Maria Luisa Cesoni © Belga

Le droit pénal anti-terroriste « ne respecte pas les exigences de prévisibilité »

Le Vif

Depuis 2003, neuf incriminations en lien avec le terrorisme ont été introduites dans le droit pénal belge. Plusieurs « ne respectent pas les exigences fondamentales de clarté et de précision imposées par le principe de légalité, qui vise à assurer la prévisibilité de l’application de la loi pénale », affirme le Comité de vigilance en matière de lutte contre le terrorisme (Comité T) dans son dernier rapport présenté mardi au Sénat.

Le Comité T a été créé en 2005 à l’initiative de plusieurs associations de défense des droits humains. Il est composé de membres de la société civile disposant d’une expertise pour observer et analyser les mesures prises en matière de lutte contre le terrorisme au regard des droits fondamentaux.

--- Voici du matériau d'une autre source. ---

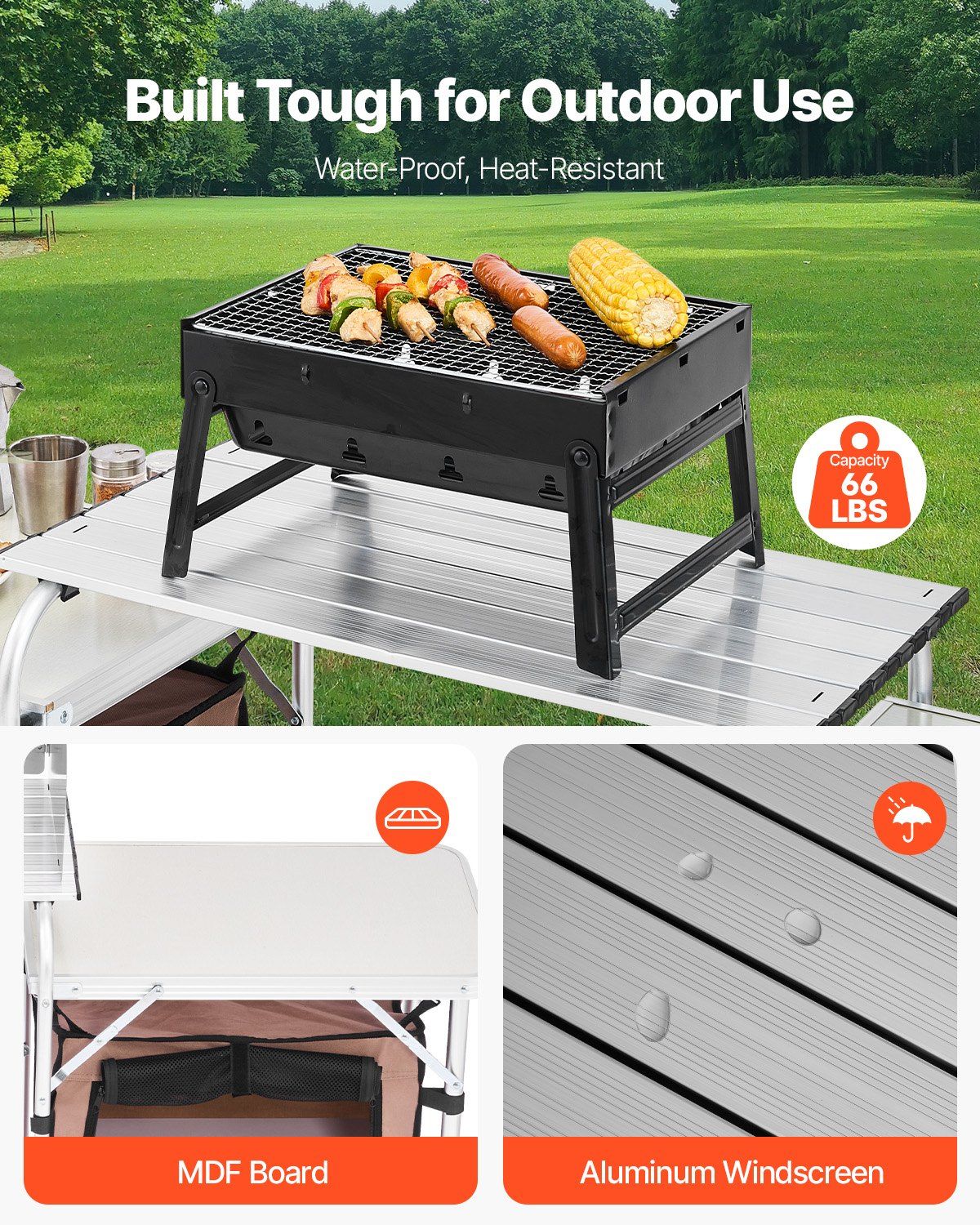 VEVOR Outdoor 2-Tier Kitchen with Zippered Bag, Portable Folding Cook Table for BBQ, Party and Camping, Brown VEVOR Outdoor 2-Tier Kitchen with Zippered Bag, Portable Folding Cook Table for BBQ, Party and Camping, Brown VEVOR Outdoor 2-Tier Kitchen with Zippered Bag, Portable Folding Cook Table for BBQ, Party and Camping, Brown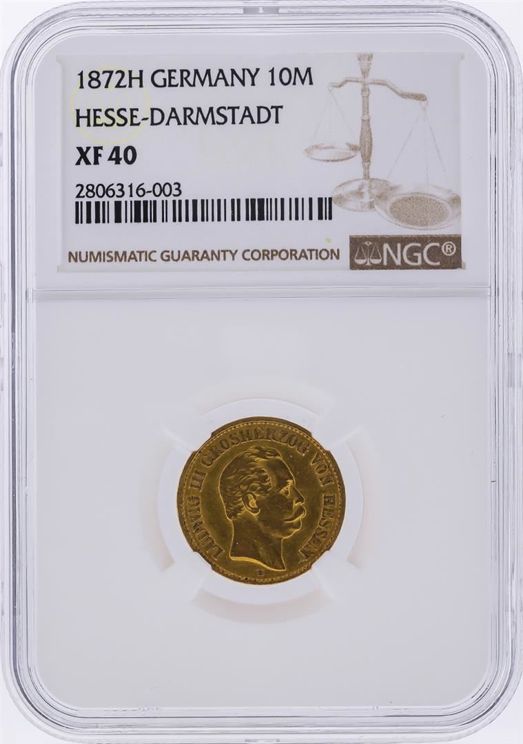 One 1872H 10M Germany Hesse-Darmstadt Gold Coin NGC XF40. NGC Certified.

Son rapport 2019 affirme que « le respect des droits humains dans le cadre de la lutte contre le terrorisme est toujours un chantier en cours ». Le document pointe notamment plusieurs incriminations introduites dans le Code pénal qui se rapprochent de simples délits d’intention car le comportement matériel visé peut être parfaitement anodin (voyager, s’informer, s’exprimer,…). Pénaliser la préparation de la commission d’une infraction terroriste ainsi que le départ ou le retour en Belgique en vue de commettre des infractions terroristes, par exemple, pose la question de la preuve d’une intention terroriste sur la base d’actes non répréhensibles en soi, avec le risque d’imposer aux prévenus de se disculper eux-mêmes, a résumé lors d’un « exposé-débat » au Sénat Maria Luisa Cesoni, professeur de droit pénal à l’UCL qui a participé à la rédaction du rapport. Une fois en prison, les détenus considérés comme radicalisés sont soumis à des régimes d’exception, sans possibilité de connaître et contester les motifs de leur « profilage », a aussi relevé Nicolas Cohen, avocat et membre de l’Observatoire international des prisons (OIP). Invité à réagir, le procureur fédéral Frédéric Van Leeuw a rappelé que la Belgique n’avait pas édicté d’état d’urgence. Globalement, le pays a fait preuve de maturité dans son approche du terrorisme, a-t-il estimé. S’il est essentiel de continuer à débattre des mesures prises, il faut aussi distinguer les outils de la façon dont ils sont maniés: la jurisprudence se montre « raisonnable » et certaines incriminations ne sont pas utilisées, a-t-il défendu. Le rapport du Comité T peut être consulté sur le site comitet.be.